Most sources of outdoor air pollution are well beyond the control of individuals. That air pollution is strictly linked to anthropic activities has become clear in Beijing, when Chinese Premier closed thousands of factories and banned half of five million registered cars to ensure an azure landscape. After that, Beijing has resumed its foggy landscape. (http://edition.cnn.com/2015/09/04/asia/china-beijing-blue-sky-disappears-after-military-parade/). Individuals should be informed that there is still room for personal action. In order to maximize HLE in people with or at risk for type 2 diabetes or CV diseases, for example, a look at the leading risk factors for total deaths may help (Table 2). At least 5 of 15 top risk factors are linked to diet, including high sodium, low whole grain, low fruit, low nuts and seeds, and low vegetables. In theory, this means that equilibrating all the dietary risks for health (consume less sodium and more whole grain, fruit, nuts and seeds, and vegetables) would counterbalance other non-dietary risks.
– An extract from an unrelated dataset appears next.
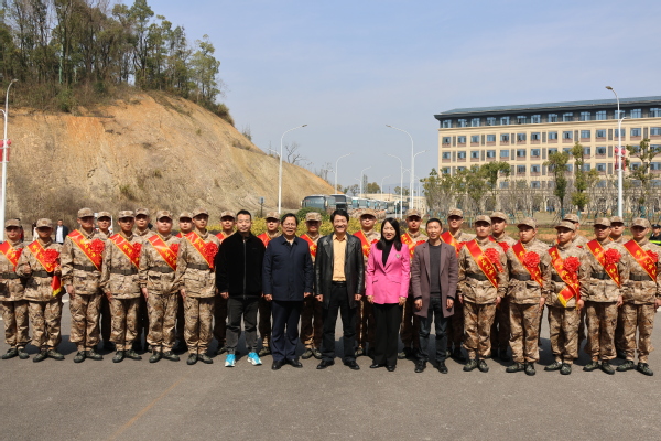 本网讯(文 潘贝琪 图 凌玉珍)3月12日,黄石市2024年上半年新兵出征仪式在湖北工程职业学院举行。市征兵领导小组常务副组长、市政协主席、市政府常务副市长何运平,市征兵领导小组副组长、军分区司令员贾宇峰,市政协副主席、鄂东职业教育集团党委书记、湖北工程职业学院党委书记刘海平,及市征兵办、军分区相关部门负责人,我院党委副书记杨之毛率学校15名新兵出席了这一仪式。

There is evidence from randomized controlled trials that healthy diets, like Mediterranean diet is thought to be, can improve the cardiometabolic outlook of high risk patients, by preventing type 2 diabetes, ameliorating glucose control and cutting by 30% CV outcomes [14, 15].

Higher incomes are associated with longer life expectancy [16] and a recent study from the US population [17] concluded that life expectancy increases continuously with income, without threshold: life expectancy differs by 15 years for men and 10 years for women between the richest 1% and poorest 1% of individuals. Moreover the differences in life expectancy for individuals in the lowest income quartile are not significantly correlated with access to medical care, physical environmental factors, income inequality, or labor market conditions, but are related to differences in health behaviors, including smoking, obesity, and exercise. Interestingly enough, low physical activity is the 15th highest ranking risk factor for death. Finally, and perhaps more importantly, a favorable lifestyle, as defined as at least three of the four healthy lifestyle factors (no current smoking, no obesity, physical activity at least once weekly, and a healthy diet pattern), may cut by nearly 50% the risk of coronary heart disease among people at high genetic risk [18]. Thankfully, things seem not immutable. Individual healthy choices do matter, especially after presidential U.S. plan to weaken fuel standards, to rise coal industry again, and to reduce the agency’s work on air quality (http://www.huffingtonpost.com/entry/american-lung-association-state-of-the-air-1017-us_us_58f4f5a0e4b0bb9638e566e6). If so, information on air pollution for a specific geographical area could be used in the stratification of the individual cardio-metabolic risk in the future.